WORK ORDER
In the entries below, begin at the line with "Pisesek w czerwonej" and stop after the line with "This A-line shirt"; output those lines exactly and omit the pictures.

SUPPLIED DATA
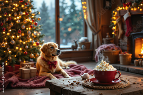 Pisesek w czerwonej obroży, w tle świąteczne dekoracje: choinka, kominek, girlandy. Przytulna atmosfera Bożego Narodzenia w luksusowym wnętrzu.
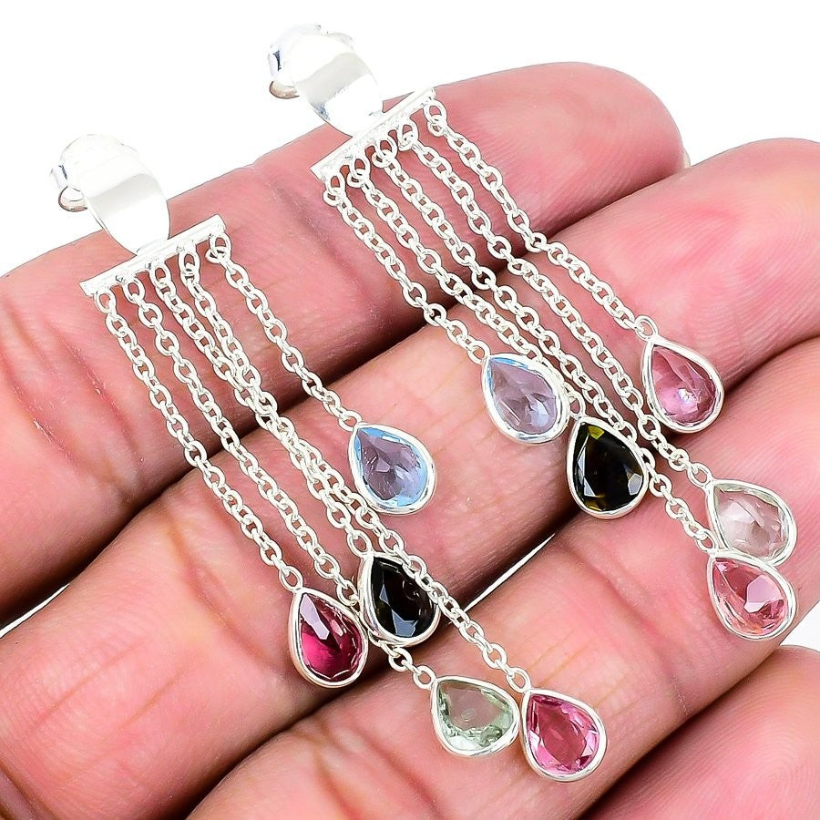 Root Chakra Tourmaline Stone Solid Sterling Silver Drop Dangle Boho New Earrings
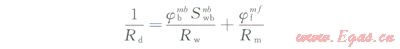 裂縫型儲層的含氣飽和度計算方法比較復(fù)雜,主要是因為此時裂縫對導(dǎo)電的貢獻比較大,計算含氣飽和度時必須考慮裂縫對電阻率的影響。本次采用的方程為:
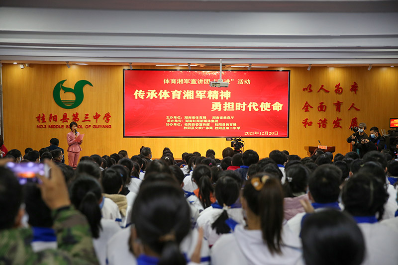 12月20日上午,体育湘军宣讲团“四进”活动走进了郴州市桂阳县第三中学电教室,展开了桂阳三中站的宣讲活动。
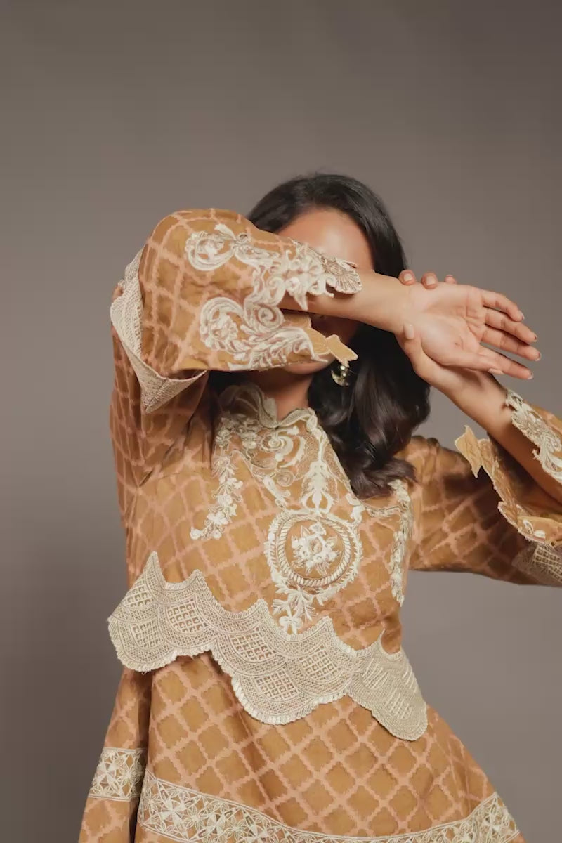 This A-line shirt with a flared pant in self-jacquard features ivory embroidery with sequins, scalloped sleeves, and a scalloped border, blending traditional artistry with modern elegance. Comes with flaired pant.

---

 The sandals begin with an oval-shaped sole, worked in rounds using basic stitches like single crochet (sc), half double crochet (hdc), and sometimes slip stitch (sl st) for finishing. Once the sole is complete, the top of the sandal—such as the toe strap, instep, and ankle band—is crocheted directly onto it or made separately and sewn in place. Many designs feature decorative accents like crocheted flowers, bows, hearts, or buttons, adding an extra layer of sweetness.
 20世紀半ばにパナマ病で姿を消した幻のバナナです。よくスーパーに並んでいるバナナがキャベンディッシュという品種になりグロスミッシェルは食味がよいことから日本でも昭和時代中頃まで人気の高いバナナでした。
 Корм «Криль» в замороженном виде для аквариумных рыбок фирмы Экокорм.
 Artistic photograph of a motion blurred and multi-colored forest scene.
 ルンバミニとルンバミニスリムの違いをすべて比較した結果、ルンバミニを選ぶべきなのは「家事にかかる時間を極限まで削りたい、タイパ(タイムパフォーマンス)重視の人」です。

* * *

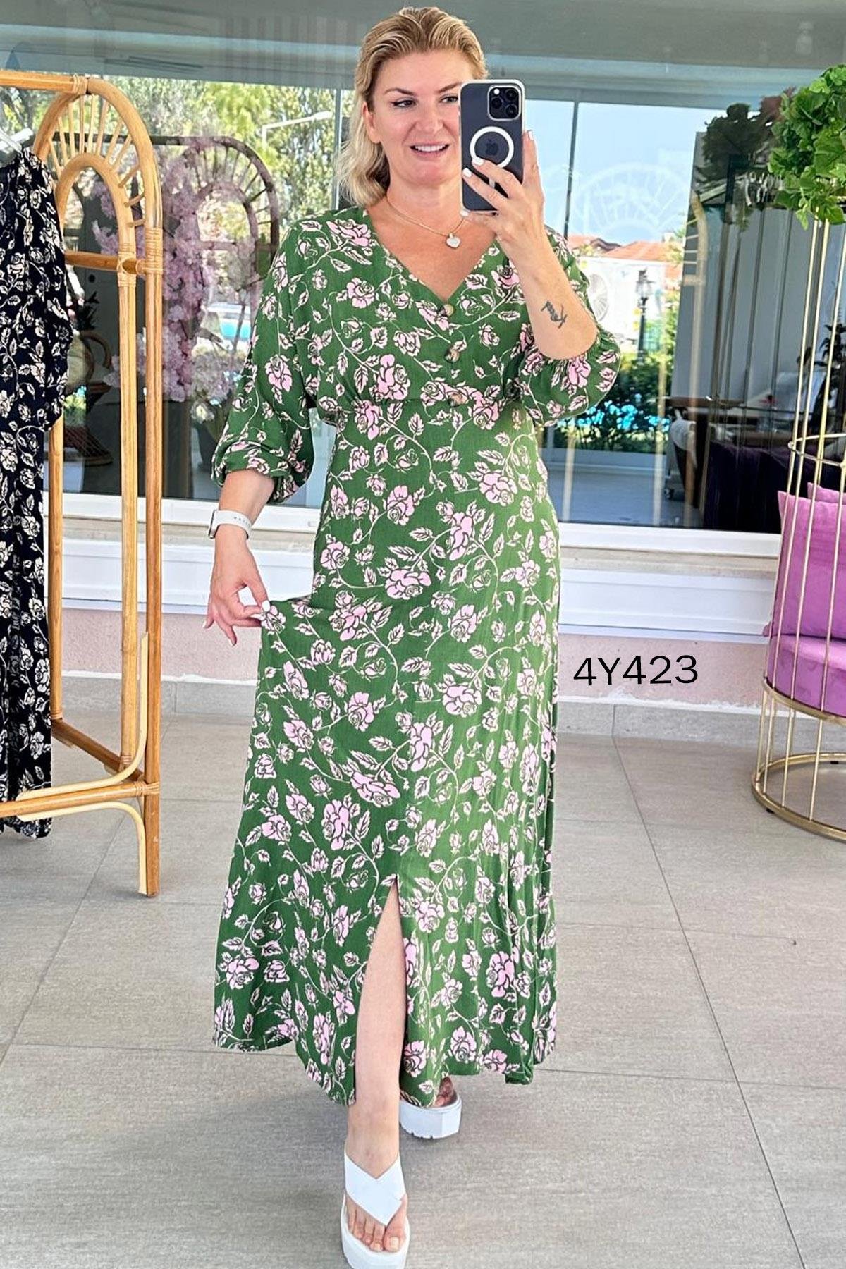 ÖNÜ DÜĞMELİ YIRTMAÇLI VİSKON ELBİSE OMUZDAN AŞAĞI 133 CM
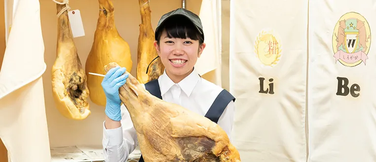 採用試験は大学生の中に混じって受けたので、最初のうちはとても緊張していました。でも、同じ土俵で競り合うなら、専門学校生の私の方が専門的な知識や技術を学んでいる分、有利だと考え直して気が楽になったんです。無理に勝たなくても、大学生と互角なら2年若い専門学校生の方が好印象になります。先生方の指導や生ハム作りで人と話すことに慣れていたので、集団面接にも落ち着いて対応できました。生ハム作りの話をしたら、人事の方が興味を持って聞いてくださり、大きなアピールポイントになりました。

ANSWER TO THIS EXERCISE
 Pisesek w czerwonej obroży, w tle świąteczne dekoracje: choinka, kominek, girlandy. Przytulna atmosfera Bożego Narodzenia w luksusowym wnętrzu.
 Root Chakra Tourmaline Stone Solid Sterling Silver Drop Dangle Boho New Earrings
 裂縫型儲層的含氣飽和度計算方法比較復(fù)雜,主要是因為此時裂縫對導(dǎo)電的貢獻比較大,計算含氣飽和度時必須考慮裂縫對電阻率的影響。本次采用的方程為:
 12月20日上午,体育湘军宣讲团“四进”活动走进了郴州市桂阳县第三中学电教室,展开了桂阳三中站的宣讲活动。
 This A-line shirt with a flared pant in self-jacquard features ivory embroidery with sequins, scalloped sleeves, and a scalloped border, blending traditional artistry with modern elegance. Comes with flaired pant.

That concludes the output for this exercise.